### Listed entries
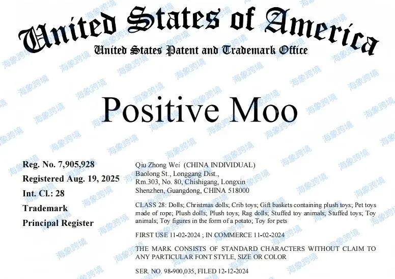 本案为国人原告,从事娃娃、毛绒玩具及相关产品的设计、制造和销售。案件涉及商标 Positive Moo 注册在第28类:娃娃;毛绒玩具;布娃娃;填充玩具;宠物玩具等。请相关卖家注意排查避雷!
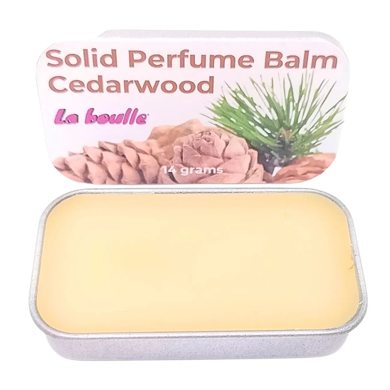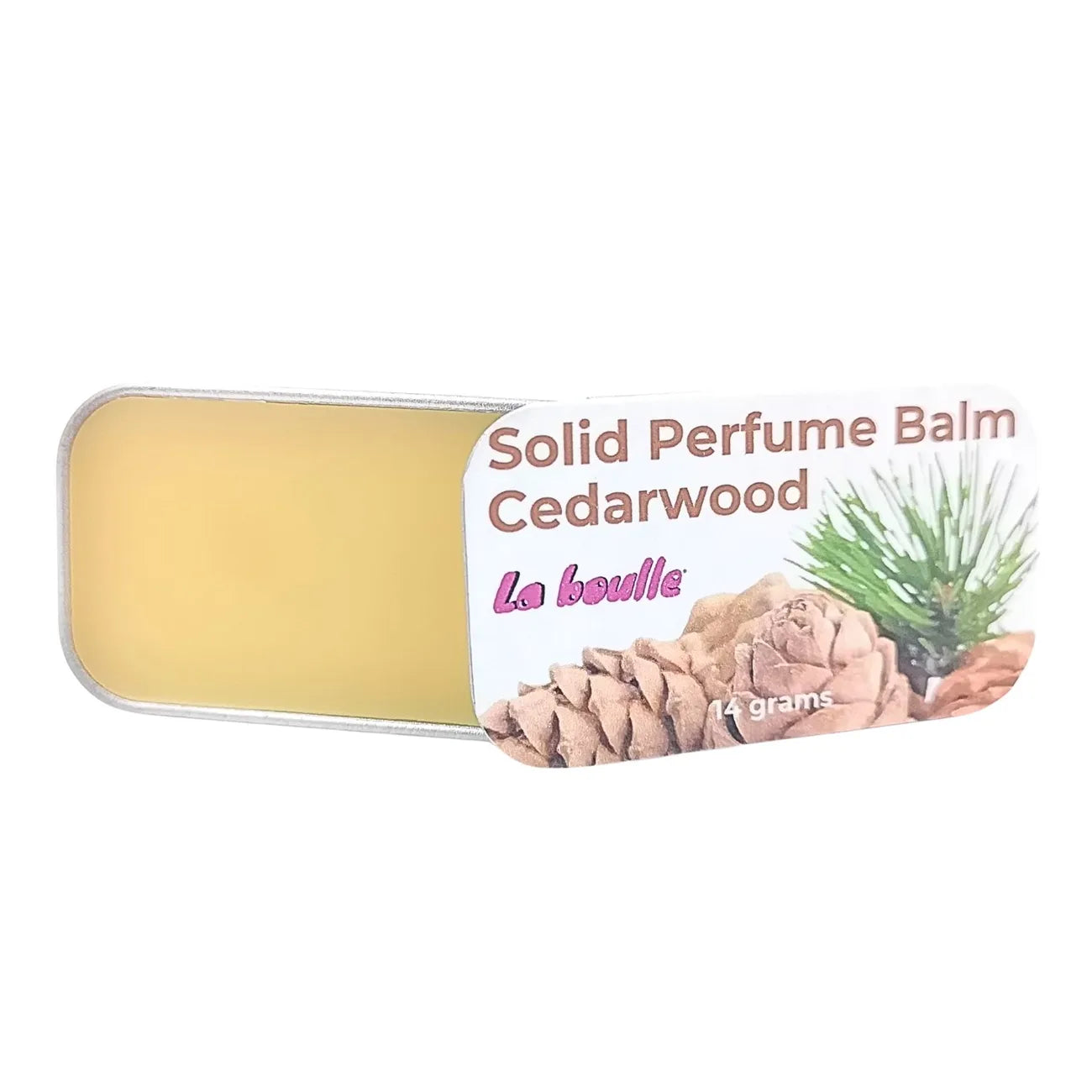 Cedarwood solid natural perfume balm, La Boulle, on a white background
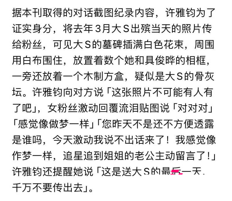 台媒今日再度爆出重磅消息:小S的丈夫许雅钧被指在大S(徐熙媛)于2025年病逝并出殡当日,通过微信与一名二十多岁、就读于北京的台湾女生私下搭讪。据称,许雅钧以“感谢你替徐家发声”为由,主动提出与该女生见面。
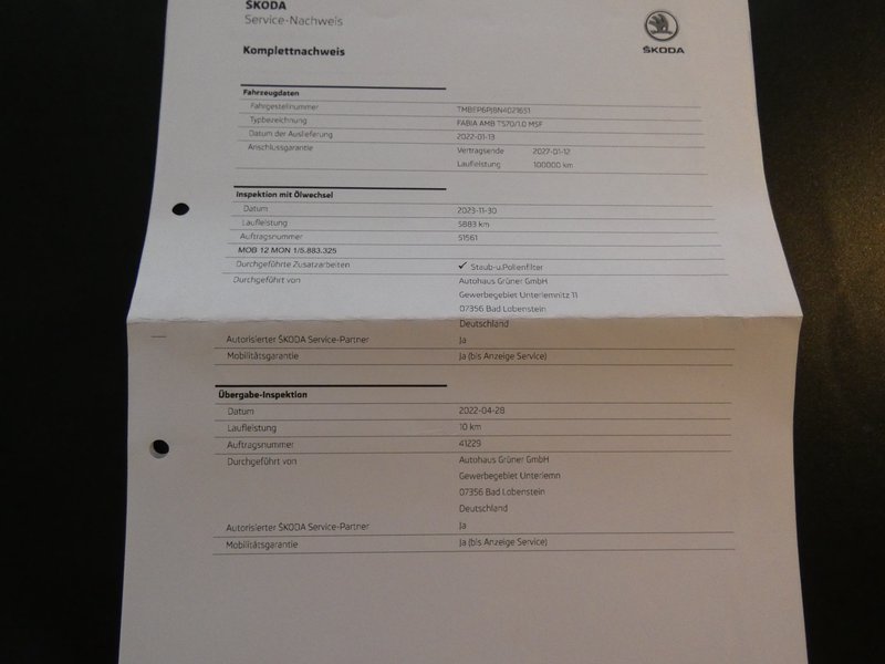 - Skoda Anschlussgarantie bis 12.01.2027 oder max. 100.000KM
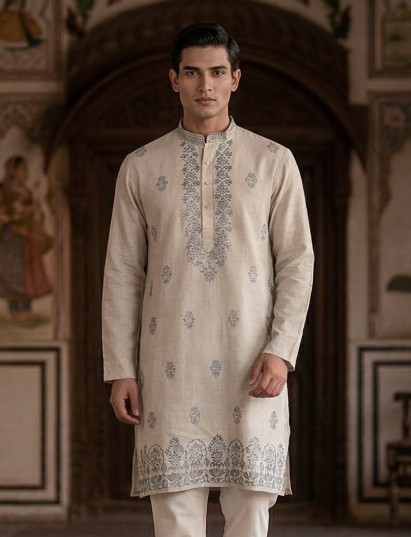 Pure white highlight the sophistication of this linen kurta designed for wedding and festive wear. Enhanced with fine embroidery, it offers a clean and elegant aesthetic. The chinese collar adds modern structure. While the lightweight fabric ensures comfort. Perfect for celebrations, this kurta creates a refined and graceful ethnic statement.

### Work to be completed
Set down again, exactly, every line above from the one with "Cedarwood solid natural" down to the one with "- Skoda Anschlussgarantie", both ends included. No pictures, and nothing else.

### Solution to this exercise
 Cedarwood solid natural perfume balm, La Boulle, on a white background
 台媒今日再度爆出重磅消息:小S的丈夫许雅钧被指在大S(徐熙媛)于2025年病逝并出殡当日,通过微信与一名二十多岁、就读于北京的台湾女生私下搭讪。据称,许雅钧以“感谢你替徐家发声”为由,主动提出与该女生见面。
 - Skoda Anschlussgarantie bis 12.01.2027 oder max. 100.000KM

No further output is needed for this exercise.